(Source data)

[Start of section]

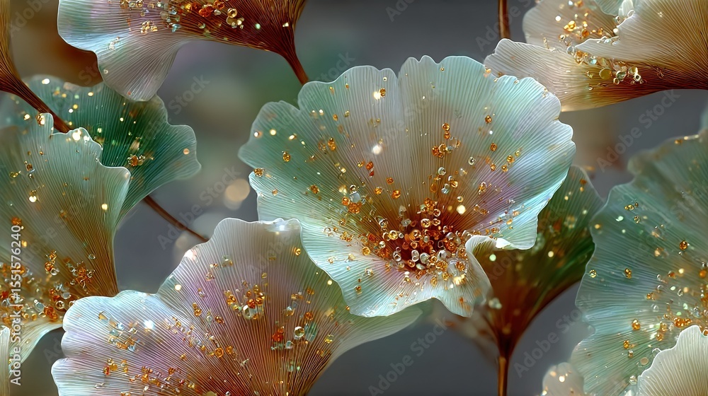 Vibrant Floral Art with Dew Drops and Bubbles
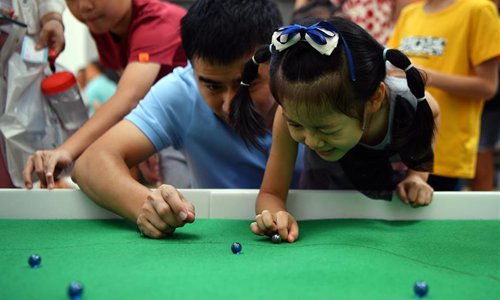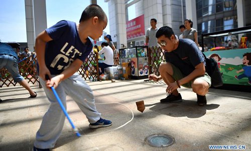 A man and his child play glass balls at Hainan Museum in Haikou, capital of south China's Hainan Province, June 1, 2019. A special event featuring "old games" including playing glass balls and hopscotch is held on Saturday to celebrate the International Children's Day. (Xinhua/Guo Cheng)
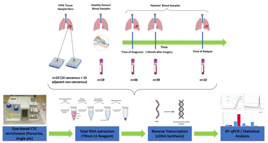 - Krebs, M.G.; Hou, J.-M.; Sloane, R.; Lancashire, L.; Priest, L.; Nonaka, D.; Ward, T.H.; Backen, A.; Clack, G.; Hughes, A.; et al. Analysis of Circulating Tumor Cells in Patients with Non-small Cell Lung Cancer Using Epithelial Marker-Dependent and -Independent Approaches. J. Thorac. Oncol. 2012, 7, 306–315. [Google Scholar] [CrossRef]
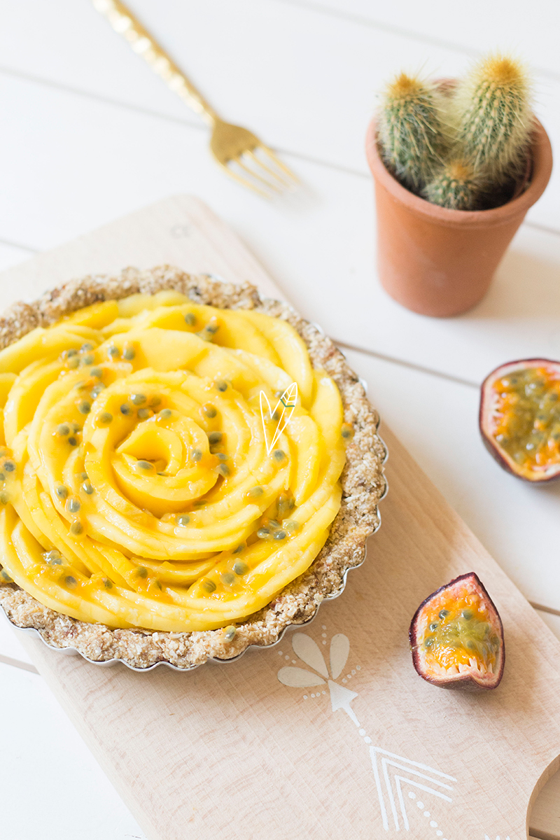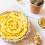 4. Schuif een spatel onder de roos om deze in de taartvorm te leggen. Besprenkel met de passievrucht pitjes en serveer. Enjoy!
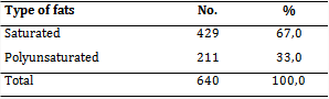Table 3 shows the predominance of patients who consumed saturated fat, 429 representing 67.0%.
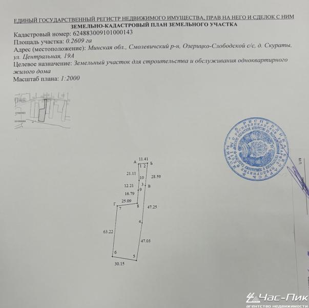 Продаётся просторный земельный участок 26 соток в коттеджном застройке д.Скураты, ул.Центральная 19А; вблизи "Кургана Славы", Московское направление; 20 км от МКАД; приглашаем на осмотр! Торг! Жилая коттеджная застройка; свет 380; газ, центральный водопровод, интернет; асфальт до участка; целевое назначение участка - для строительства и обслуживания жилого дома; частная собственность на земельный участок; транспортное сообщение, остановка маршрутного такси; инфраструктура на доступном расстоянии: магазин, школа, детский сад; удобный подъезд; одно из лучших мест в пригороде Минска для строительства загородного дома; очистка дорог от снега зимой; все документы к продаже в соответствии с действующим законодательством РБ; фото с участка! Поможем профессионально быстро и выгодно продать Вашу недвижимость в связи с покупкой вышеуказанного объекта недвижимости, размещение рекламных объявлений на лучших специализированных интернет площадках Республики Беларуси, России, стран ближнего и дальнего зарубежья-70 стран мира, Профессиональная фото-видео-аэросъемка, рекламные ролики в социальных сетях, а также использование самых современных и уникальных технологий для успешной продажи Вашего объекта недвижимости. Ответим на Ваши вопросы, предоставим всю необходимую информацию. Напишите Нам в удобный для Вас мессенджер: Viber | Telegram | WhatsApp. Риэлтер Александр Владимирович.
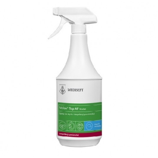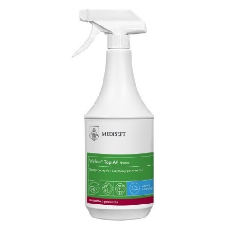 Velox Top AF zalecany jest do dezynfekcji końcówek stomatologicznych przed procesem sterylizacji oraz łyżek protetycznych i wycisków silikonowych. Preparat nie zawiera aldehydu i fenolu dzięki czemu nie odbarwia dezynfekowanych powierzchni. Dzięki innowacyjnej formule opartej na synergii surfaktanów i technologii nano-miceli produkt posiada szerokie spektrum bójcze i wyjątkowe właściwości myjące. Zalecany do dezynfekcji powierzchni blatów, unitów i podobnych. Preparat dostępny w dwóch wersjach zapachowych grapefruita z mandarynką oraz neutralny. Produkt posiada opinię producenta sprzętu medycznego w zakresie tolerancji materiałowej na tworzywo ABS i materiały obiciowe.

[End of section]

• Task directions: Only the lines from the first line of the data above through the line with "Table 3 shows" should appear in the answer, retyped exactly, with every picture left out.

• Exercise response:
 Vibrant Floral Art with Dew Drops and Bubbles
 A man and his child play glass balls at Hainan Museum in Haikou, capital of south China's Hainan Province, June 1, 2019. A special event featuring "old games" including playing glass balls and hopscotch is held on Saturday to celebrate the International Children's Day. (Xinhua/Guo Cheng)
 - Krebs, M.G.; Hou, J.-M.; Sloane, R.; Lancashire, L.; Priest, L.; Nonaka, D.; Ward, T.H.; Backen, A.; Clack, G.; Hughes, A.; et al. Analysis of Circulating Tumor Cells in Patients with Non-small Cell Lung Cancer Using Epithelial Marker-Dependent and -Independent Approaches. J. Thorac. Oncol. 2012, 7, 306–315. [Google Scholar] [CrossRef]
 4. Schuif een spatel onder de roos om deze in de taartvorm te leggen. Besprenkel met de passievrucht pitjes en serveer. Enjoy!
Table 3 shows the predominance of patients who consumed saturated fat, 429 representing 67.0%.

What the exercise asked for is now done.